LA RISPOSTA A IEZZI DI MARIO PIZZOLA
Risposta a Franco Iezzi
di Mario Pizzola
Una persona assennata e dotata di un adeguato livello di educazione non dovrebbe mai usare espressioni offensive, o peggio ingiuriose, nell’esporre le proprie argomentazioni. Né accusare altri, senza motivazione, di violenza. Tanto più se tali epiteti vengono rivolti a chi non ha mai dato del “cialtrone” a nessuno e ha fatto della nonviolenza uno dei principi fondanti di vita.
Non si comprende come e perché il signor Iezzi, dopo 14 anni, tiri fuori una vicenda che, per la verità, ricordo vagamente. Mostri le prove in base alle quali il fallimento del progetto di cui parla sarebbe attribuibile alla mia responsabilità e ne discutiamo tranquillamente, come si dovrebbe fare tra persone civili.
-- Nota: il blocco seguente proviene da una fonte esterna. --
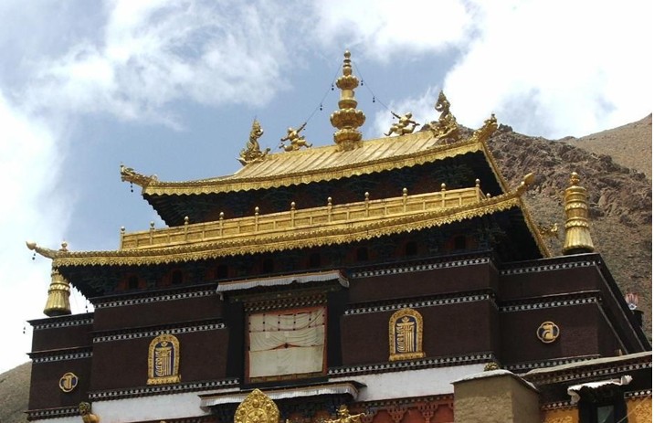 度母殿位于寺院經堂后面三座佛殿東側,三座佛殿中居中的是釋迦牟尼殿,西側是彌勒殿;釋迦殿內供5米多高的釋迦牟 尼鎏金銅像,據說像體內有釋迦舍利,還有宗咯巴的頭發以及根珠巴的經師西繞森格的頭蓋骨。度母殿藏語稱卓瑪康,供2米高的白度母銅像,兩旁還有泥塑的綠度母像。
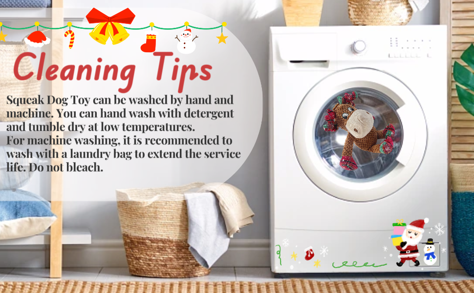 - [Unique Design & Teething Cleaning] Measuring 27cm x 28cm x 17cm (10.62in x 11.02in x 6.69in), these toys have unique Christmas elements in the hands, ears, and feet section that help clean your dog's teeth. No need to worry about your dog's dental health with these great toys for small, medium, and large dogs.

L’ex direttore del Nucleo Industriale mi ritiene addirittura responsabile dello “stato di crisi profonda che stiamo vivendo”. Sono ansioso di conoscere su quali capi di accusa si basa una affermazione così fantasiosa.




Mi chiedo se Pizzola c’è o ci fa.
Lamenta il fatto che si tratta di un argomento di 14 anni fa, se legge bene trova giustificazione dal motivo che in questi giorni la stessa struttura che doveva nascere a Sulmona ( si tratta di opere complesse che richiedono molti anni) è stata inaugurata nei giorni scorsi altrove.
Ha certato ancora di minimizzare dicendo che non ricorda ( ricorda che disse che aveva contatti per realizzare lì una struttura di Protezione Civile?).
Ci sono mille modi per essere violenti, si può dichiarare di non esserlo ma esserlo nei modi, dando informazioni false, prefigurando eventi catastrofici, sfruttare la buona fede della gente semplice facendo terrorismo psicologico, etc.
Ho scritto e lo farò : indicherò altri fatti che provano quanto affermo
“Scontro tra Titani”,
vi conosco da una vita,
avete entrambi meriti e titoli,per essere considerati ancora fautori di buone e lodevoli iniziative per la nostra Valle Peligna.
Non c’e’ bisogno di nessun colpo di spugna,per cancellare tutto cio’ che e’ stato creato decenni e decenni or sono,anche con il contributo ed il ruolo Politico ed Amministrativo avuto dal Dottor Iezzi e/o dei “suggerimenti” dati anche da Mario,attraverso le sue tante lodevoli iniziative,oramai la situazione e’ quasi irrimediabilmente compromessa per lo sviluppo della nostra Valle Peligna ,della Valle Subequana,della Valle del Sagittario e dell’Alto Sangro e non so cosa immaginare e/o suggerire per poterne venire fuori.
LAVORIAMO TUTTI UNITI,
quando lo si era,son sempre arrivate buone cose per tutti noi.